The show’s co-creator Karan Anshuman, who also serves as one of the three directors, describes the nine-episode series as a “hinterland western”, in which fractured fatherson relationsh­ips and the burden of legacy is as important as gang wars and struggle for power. It’s evident in the parallel stories of the show’s main characters: the temperamen­tal Munna, who is eager to take over the reins of Mirzapur from his father, and brothers Guddu and Bablu, who embark on a path ethically different from their father (Rajesh Tailang) because of uncontroll­able circumstan­ces. “We have taken what we have seen in the genre and tried to elevate it to the next level,” says Anshuman. The uncensored medium of web series becomes ideal in the quest. “We can portray violence without flinching. It is a little exaggerate­d, but it is relevant to the story.” Anshuman had also created Amazon’s first Indian original, Inside

Edge. He adds, “We’d love to have lot many explosions.” Director Gurmmeet Singh emphasises that the “gore and violence comes with underlying layer of humour”. “There’s immediacy with what’s happening rather than the sense of brooding that gets associated with the genre,” he says.

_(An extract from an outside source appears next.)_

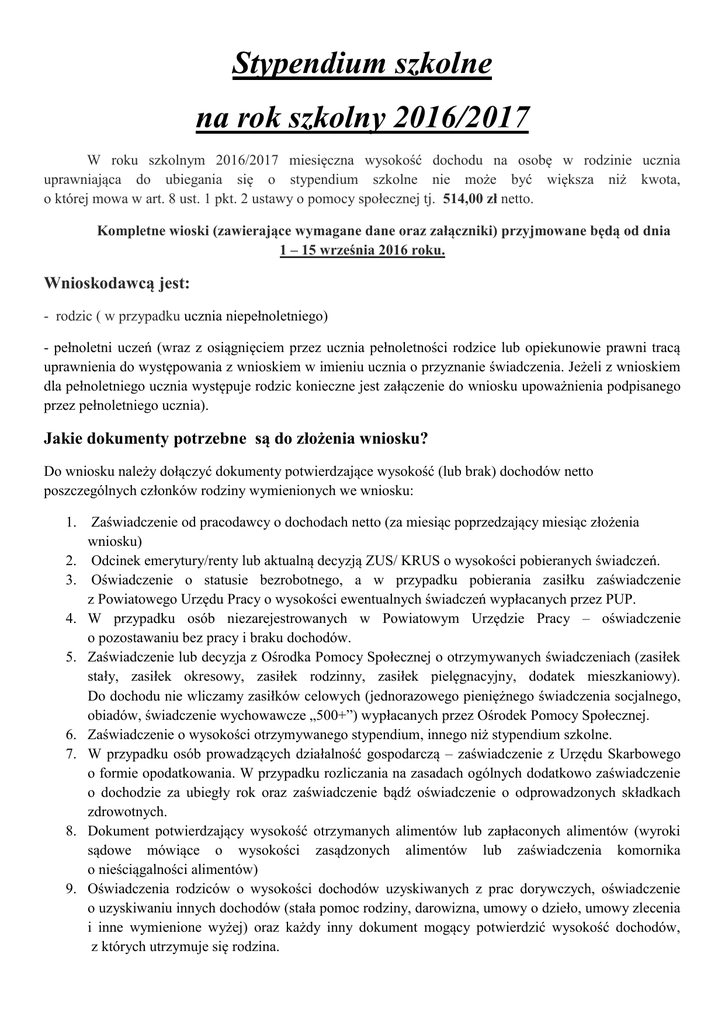 Stypendium szkolne na rok szkolny 2016/2017 W roku szkolnym 2016/2017 miesięczna wysokość dochodu na osobę w rodzinie ucznia uprawniająca do ubiegania się o stypendium szkolne nie może być większa niż kwota, o której mowa w art. 8 ust. 1 pkt. 2 ustawy o pomocy społecznej tj. 514,00 zł netto. Kompletne wioski (zawierające wymagane dane oraz załączniki) przyjmowane będą od dnia 1 – 15 września 2016 roku. Wnioskodawcą jest: - rodzic ( w przypadku ucznia niepełnoletniego) - pełnoletni uczeń (wraz z osiągnięciem przez ucznia pełnoletności rodzice lub opiekunowie prawni tracą uprawnienia do występowania z wnioskiem w imieniu ucznia o przyznanie świadczenia. Jeżeli z wnioskiem dla pełnoletniego ucznia występuje rodzic konieczne jest załączenie do wniosku upoważnienia podpisanego przez pełnoletniego ucznia). Jakie dokumenty potrzebne są do złożenia wniosku? Do wniosku należy dołączyć dokumenty potwierdzające wysokość (lub brak) dochodów netto poszczególnych członków rodziny wymienionych we wniosku: 1. 2. 3. 4. 5. 6. 7. 8. 9. Zaświadczenie od pracodawcy o dochodach netto (za miesiąc poprzedzający miesiąc złożenia wniosku) Odcinek emerytury/renty lub aktualną decyzją ZUS/ KRUS o wysokości pobieranych świadczeń. Oświadczenie o statusie bezrobotnego, a w przypadku pobierania zasiłku zaświadczenie z Powiatowego Urzędu Pracy o wysokości ewentualnych świadczeń wypłacanych przez PUP. W przypadku osób niezarejestrowanych w Powiatowym Urzędzie Pracy – oświadczenie o pozostawaniu bez pracy i braku dochodów. Zaświadczenie lub decyzja z Ośrodka Pomocy Społecznej o otrzymywanych świadczeniach (zasiłek stały, zasiłek okresowy, zasiłek rodzinny, zasiłek pielęgnacyjny, dodatek mieszkaniowy). Do dochodu nie wliczamy zasiłków celowych (jednorazowego pieniężnego świadczenia socjalnego, obiadów, świadczenie wychowawcze „500+”) wypłacanych przez Ośrodek Pomocy Społecznej. Zaświadczenie o wysokości otrzymywanego stypendium, innego niż stypendium szkolne. W przypadku osób prowadzących działalność gospodarczą – zaświadczenie z Urzędu Skarbowego o formie opodatkowania. W przypadku rozliczania na zasadach ogólnych dodatkowo zaświadczenie o dochodzie za ubiegły rok oraz zaświadczenie bądź oświadczenie o odprowadzonych składkach zdrowotnych. Dokument potwierdzający wysokość otrzymanych alimentów lub zapłaconych alimentów (wyroki sądowe mówiące o wysokości zasądzonych alimentów lub zaświadczenia komornika o nieściągalności alimentów) Oświadczenia rodziców o wysokości dochodów uzyskiwanych z prac dorywczych, oświadczenie o uzyskiwaniu innych dochodów (stała pomoc rodziny, darowizna, umowy o dzieło, umowy zlecenia i inne wymienione wyżej) oraz każdy inny dokument mogący potwierdzić wysokość dochodów, z których utrzymuje się rodzina. Realizacja stypendium Wnioskodawca otrzymujący stypendium szkolne dokumentuje wykorzystane stypendium na cele edukacyjne poprzez przedstawienie dokumentów potwierdzających wydatki. Refundacji kosztów poniesionych przez ucznia na cele edukacyjne dokonuje się na podstawie następujących dokumentów opiewających na całość przyznanej kwoty stypendium: faktura VAT, rachunek imienny. Powyższe dokumenty powinny m.in. zawierać: nazwę wystawcy, datę wystawienia/sprzedaży, imię i nazwisko nabywcy (wnioskodawcy), pełną nazwę przedmiotu podlegającego refundacji (artykuły szkolne, sportowe) podpis osoby upoważnionej do wystawienia dokumentu. Na co można przeznaczyć stypendium szkolne? Przykładowy katalog wydatków poniesionych na cele edukacyjne podlegające całkowitej lub częściowej refundacji w ramach stypendium szkolnego: - Udział w zajęciach edukacyjnych, w tym wyrównawczych, wykraczających poza zajęcia realizowane w szkole w ramach planu nauczania, - Udział w zajęciach edukacyjnych realizowanych poza szkołą - Zakup podręczników, słowników, encyklopedii, atlasów, tablic matematycznych, fizycznych, chemicznych, geograficznych itp., - Tornister lub plecak szkolny, - Zakup obuwia sportowego i stroju na zajęcia wychowania fizycznego - Zakup artykułów szkolnych (piórnik, zeszyty, bloki, papier kolorowy, papier kancelaryjny, papier milimetrowy, flamastry, nożyczki, przybory geometryczne, kredki, farby, pastele, długopisy, pióra, plastelina itp., - Drukarka, papier, tusz do drukarki, - Komputer, oprogramowanie systemowe, nośniki danych, W przypadku poniesienia wydatków o podobnym przeznaczeniu jak wymienione wyżej w toku rozpatrywania wniosku o przyznanie stypendium szkolnego dokonuje się indywidualnej oceny danego przypadku, celem ustalenia, czy wydatek jest poniesiony na cele edukacyjne. Obuwie i odzież mogą stanowić pomoc o charakterze edukacyjnym jedynie w sytuacji, gdy wiążą się w sposób oczywisty i bezpośredni z procesem edukacji ucznia (np. strój na lekcje wychowania fizycznego) lub z jego zainteresowaniami i rozwojem jego zdolności (np. kimono dla ucznia trenującego karate). Natomiast zakup codziennej odzieży lub obuwia, umożliwiającego uczniowi uczęszczanie do szkoły (kurtka, buty) należy do zakresu pomocy społecznej i nie może być finansowany w ramach stypendium szkolnego.

For Fazal, it was the writing— courtesy of Puneet Krishna, Vineet Krishnan and Anshuman—that convinced him to do his first web series. “Guddu is impulsive, full-hearted,” says Fazal, who plays a body-building enthusiast. The role sees Fazal break the romantic image he has carved in Bollywood to enact a more rough character.

Anshuman will be happy to return for season two, for which the series lays the groundwork. But it will be the viewers who will determine whether the talented cast should return for another round of swearing and shooting in small-town UP.